Он молча вышел из комнаты. Потом вернулся, чтобы взять сигареты. Мама крикнула:
— Уходи же побыстрей!
Динка сказала:
— Он приедет еще, вот увидишь.
— Так прямо и разбежится, — ответил я.
— Ты же не знаешь его, ведь не знаешь? Он обязательно, обязательно приедет!
— А если нет, то поедешь ты?
Динка сказала тоном учительницы:
— Зачем же поеду я, если он обязательно, обязательно приедет?
5
А я, представьте, через год пошел в веттехникум. Мама советовала подождать еще год, получить аттестат зрелости и сдавать в институт, тоже ветеринарный, но я не послушался ее. Мне очень важно было — не послушаться ее.
Тем летом я сделал, пожалуй, первый самостоятельный шаг. Тем летом, тоже впервые, познал я чувство потери.
Смерть бабушки напугала меня и только, когда погиб отец, я был слишком мал. Теперь же, со смертью Амины, я плакал с такою болью, как будто из меня уходила жизнь.
Когда силы мои иссякли, а воля ослабла, ко мне вошла моя мама и сказала:
— Возьми себя в руки. Ведь ты не маленький.
— Я маленький, — сказал я. — Это ты не даешь мне вырасти, это ты оставляешь меня маленьким. И всех нас, да, да, всех нас!..
— Какую чушь ты несешь. Ведь и ты знал, и все знали, что это рано или поздно случится. Что поделаешь, судьба.

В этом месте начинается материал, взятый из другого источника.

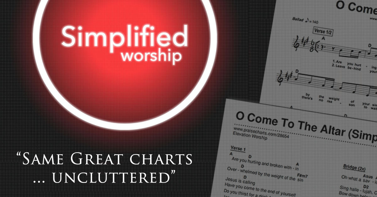 - Small Group Worship - the last thing you want to worry about in a small group setting is pages and pages of music. Most small group worship leaders want the basic chords and the basic lyrics laid out on a single page. You don't need to sound like the album. You just need to reference the essential melody and chords of the song. The rest will come alive in your small group. Plus, your friends will appreciate you taking the song down a few keys, as they sing while settled in on the couch! Most of the simplified worship arrangements are available in all keys, so that you can pick the sweet spot.
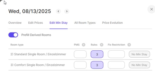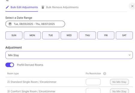 - Set Min Stay Rules Automatically (Pro): Automatically apply restrictions based on lead time and occupancy.Example: Apply a 5-night Min Stay rule 5 days before arrival when occupancy > 80%.
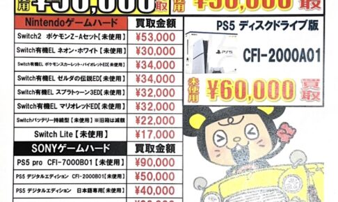買取情報いつもおたちゅう赤道店をご利用いただきましてまことにありがとうございます。 地域圧倒の買取価格を更新いたしました! ゲーム機を売るなら赤道店にお任せください(^o^) 特にPS5やスイッチELの買取価格には自信アリです♫…
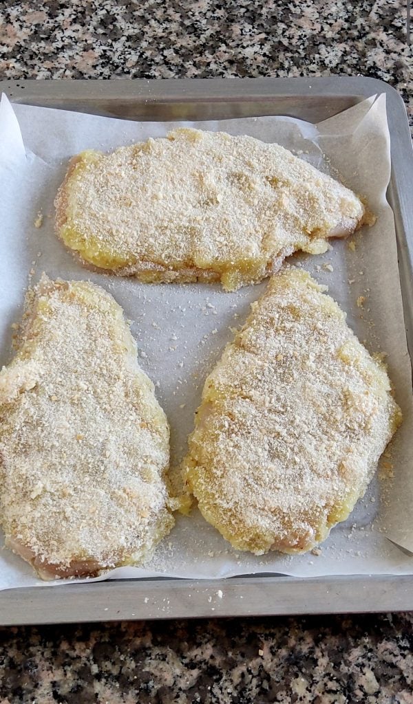 Prepara todas las Chuletas de pollo de la misma manera y colócalas en una bandeja forrada con papel de horno. Úntalas con aceite por encima.

— Нет никакой судьбы, нет никакого бога! — крикнул я. — Я никогда не верил, и дядя Риза не верил, а ты верила… потому что ты гадкая, тебе нравится всех хоронить…
Она шагнула ко мне и хладнокровно влепила мне звонкую пощечину. Странно, я успокоился — возможно, именно на это рассчитывала моя мама.
— Если ты будешь так плакать на похоронах, — сказала она, — это может повредить Марве. Имей в виду, она беременна.
— Может быть, и сама она не будет плакать?
— Этого я знать не могу. Я только знаю, что к ударам судьбы надо относиться мужественно.
— Как, например, Динка.
— При чем тут Дина? — Она искренне удивилась и смотрела мне прямо в глаза. — Ну при чем тут Дина?
— Она мужественно переносит свое горе. Ведь Марсель никогда на ней не женится.
Мама надавила на мои плечи и посадила меня на диван. Потом она села сама.
— Ты полагаешь, она все еще не забыла его?
— Нет.
Она вздохнула и произнесла фразу, которую часто повторяла:
— Наш дом всегда был открыт для него.
— Наш дом всегда был закрыт для него, — сказал я. — Марсель всегда был для вас человеком похуже, чем все вы. Но потом вы решили его поскоблить, почистить и только потом впустить к себе. А он плевал!.. И хорошо сделал, что ушел. Я тоже уйду.
— Уходи, — сказала она, — уходи. Я, между прочим, никогда не надеялась удержать тебя. Я уже говорила тебе об этом. Ты уходи, а мы останемся.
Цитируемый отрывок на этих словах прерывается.